Douglas Johnson of the National Right to Life Committee charged that Obama had “brazenly misrepresented” the treatment of abortion in the proposed reform. He explained:

The Obama-backed legislation makes it explicitly clear that no citizen would be allowed to enroll in the government plan unless he or she is willing to give the federal agency an extra amount calculated to cover the cost of all elective abortions -- this would not be optional. The abortionists would bill the federal government and would be paid by the federal government. These are public funds, and this is government funding of abortion.
Pressing their own political offensive, a coalition of pro-life leaders formed a coalition to Stop the Abortion Mandate. They said that the Obama reform plan would entail the most sweeping expansion of access to legal abortion since the Roe v. Wade decision in 1973.
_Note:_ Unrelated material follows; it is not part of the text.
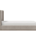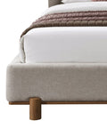 Create an elevated look in your sleeping space with this beauty of a bed. The elegant curves on the headboard are balanced perfectly with the solid wood, walnut-finished base and legs. Perfect in a primary bedroom or a when transition your teen's room to a more grown-up space.

To date, the efforts by pro-life leaders to inform the American public about the issue appear to be meeting with some success, but the battle for control of the discussion is intense. An NBC/Wall Street Journal poll showed that 50% of respondents believed that the reform plan would bring taxpayer subsidies of abortion, while 37% believed that outcome was unlikely. The same poll showed general opposition to the reform plans, with only 36% thinking the Obama plan was a good idea.

Writing for the American Spectator about the President’s appeal to religious sentiments, Joseph Lawler (son of CWN editor Phil Lawler) pointed out that Obama has a history of invoking religious authority-- often betraying some confusion about religion in the process.